I am guided by the canonical works of Critical Race scholars and feminist of colour that have instilled the importance of an interdisciplinary approach, collaborative learning, social justice, and civil responsibility within an equity framework including Sara Ahmed, M. Jacki Alexander, Dionne Brand, Kimberlé Crenshaw, Patricia Hill Collins, George Dei, Audre Lorde, Carl James, Christina Sharpe, Alissa Trotz, and Rinaldo Walcott. I incorporate differentiated instruction within my teaching practices. In the early stages of my course ‘Digital Activism, Sport and Social Movements’, I introduce several tools to enhance the learning environment, including interactive and innovative methods for the students to learn more about themselves, their teacher, and peers. For example, the first assignment is a reflection where students to create a prose piece remembering the first time they were exposed to a social movement or protest. The objective is for them to connect their memory to a related reading to frame their understanding of the event. Reflexivity is a valued tenet embedded throughout my course syllabi.

 

In combination with reflexive practices, social responsibility practices are also a critical part of my course design. In my course ‘Ethics and Power in Kinesiology, Health and Physical Education’, students had to create a blog post that integrated a current event and relevant news sources to establish a position on a polarizing topic related to ethical dilemmas. Providing students with choice and flexibility with their assignments has contributed to increased engagement with presented material. Another activity in the class was to develop a podcast based on a weekly reading of their choice. The students were able to express themselves with methods that did not include writing but rather oration.

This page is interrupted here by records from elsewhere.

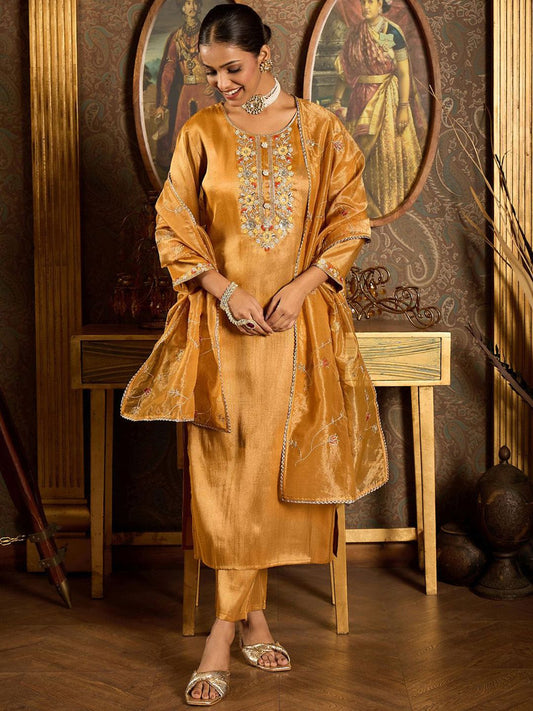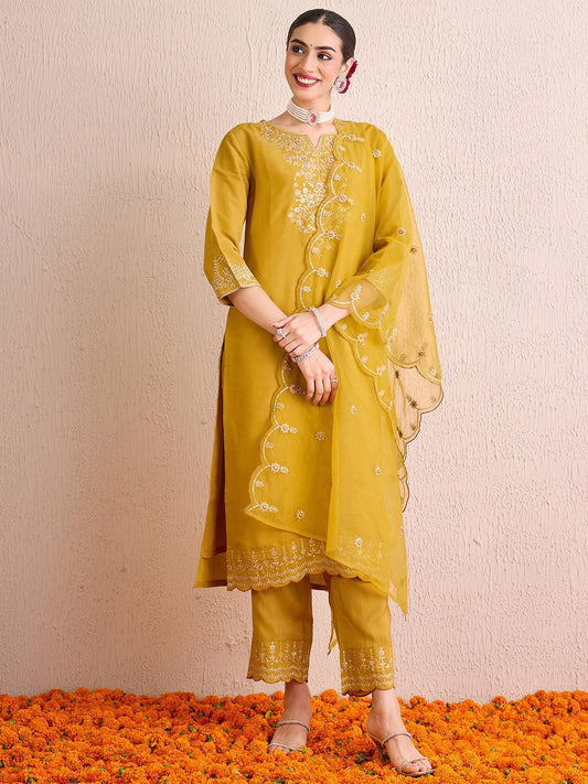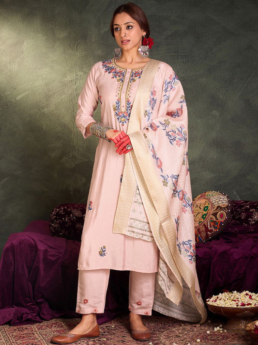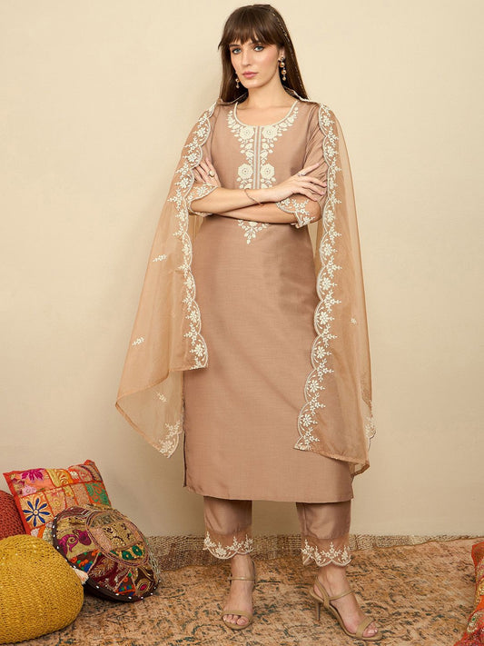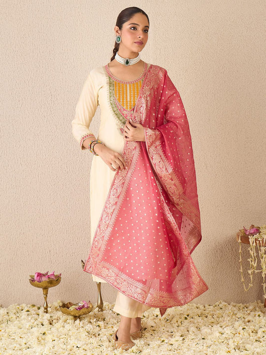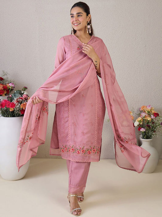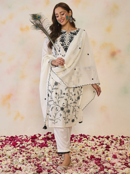 Dhiyona IE Floral Embroidered Thread Work Straight Kurta With Trousers & Dupatta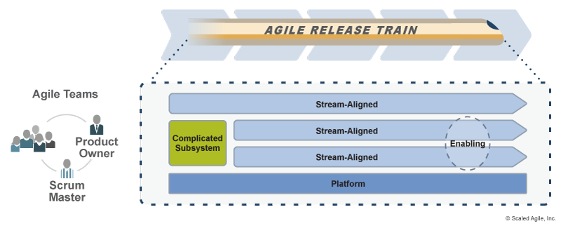 Each of these team topologies maps to a specific set of responsibilities and behaviors, and together they provide a clearer and better model for organizing Agile teams in SAFe. Further information, as well as guidance for applying these topologies, can be found in the Agile Teams article.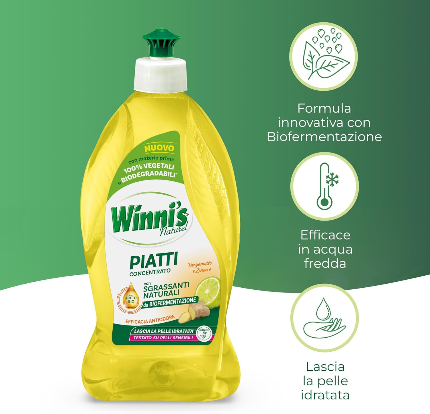 Winni's - Detersivo Piatti e Stoviglie a Mano, Bergamotto e Zenzero, Concentrato, Ipoallergenico, con Sgrassanti Naturali da Biofermentazione, Materie Prime di Origine Vegetale, 480 ml x 12 Confezioni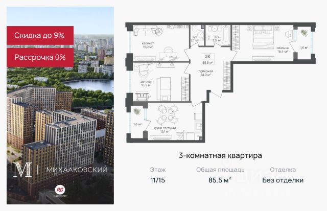 Ипотека для каждого! Полная стоимость кредита от 11,578% до 22,490%. Ставка от 0,11% в АО "Альфа-Банк" фиксируется на 1 год с даты заключения кредитного договора, далее полная стоимость кредита от 25,819% до 28,767% ставка 25,39% до окончания срока кредитования. Первоначальный взнос — от 20% от стоимости квартиры. Срок кредитования — от 3 до 30 лет. Скидка 9% при покупке квартиры! Цена указана с учетом максимального размера скидки. Продаётся 3-к квартира 63,0 кв.м. в ЖК "Михалковский" на 7-м этаже 9 этажного дома. Компания "РГ-Девелопмент" предоставляет скидки на квартиры в жилом комплексе. Акция действительна с 12.09.2024 г. до 15.10.25г. включительно. Чтобы воспользоваться предложением, необходимо подписать договор на приобретение недвижимости до 15.10.25г., включительно. Действует программа "Растет семья - растет и квартира". Прямая продажа от застройщика! Старт продаж новых корпусов. Квартиры без отделки. Срок сдачи 1 кв. 2026 г. Особенности проекта: Завораживающие виды Красивое благоустройство Уникальная локация для Москвы (рядом Головинский парк, пруды, усадьба Михалково) Рядом с центром В проекте присутствует: архитектура голландского бюро MLA+, зеленые зоны, транспортная доступность, благоустроенная территория, подземный паркинг, детский сад и выход на Головинский парк с пятью прудами. Название комплекса указывает на одну из его черт - соседство с имением Михалково. Позвольте себе жить в месте, где проводили свой досуг династии Дашковых и Паниных. 3-комнатная квартира от застройщика в округе САО в Москве.

The uniqueness of their work was demonstrated through their evaluation of concepts mixed with a technical production.

 

In the last eighteen months, I have also adjusted to my students’ needs during the COVID pandemic.  Students feel overwhelmed and I have continued to layer into my instruction empathy, compassion, and added flexibility for assignments. Students have been forthcoming in their struggles during this past year and a half and several modifications, especially transitioning to online, was simultaneously inclusive and alienating. Piloting various technologies, such as Padlet, Word Press, and Anchor, in a few courses has crafted my ability to effectively filter and select efficient tools to better assess students’ learning and discern successful pedagogies through this new pandemic season. Listening to students’ feedback has been critical to the success of the courses and their continued engagement.

    

I am deeply committed to linking relevant social justice movements and current events in my pedagogical practice. My optimism lies within students’ ability to see more than the issues they face and recognize that collective efforts and solidarities serve to benefit us all. By asking students to make connections across ideas, methods, modes, and communities, my aim as a teacher-scholar-community advocate is to honour the experiences of students while affording them the opportunity to enrich their academic, professional, and civic selves. This means teaching so that students can challenge the dominant narratives and material realities for misrepresented and historically underserved communities—perhaps communities of which they are a part of— through discursive exchanges and critical engagement that assert non-dominant interpretations. 

The process of empowerment cannot be simplistically defined in accordance with our own particular class interests. We must learn to lift as we climb.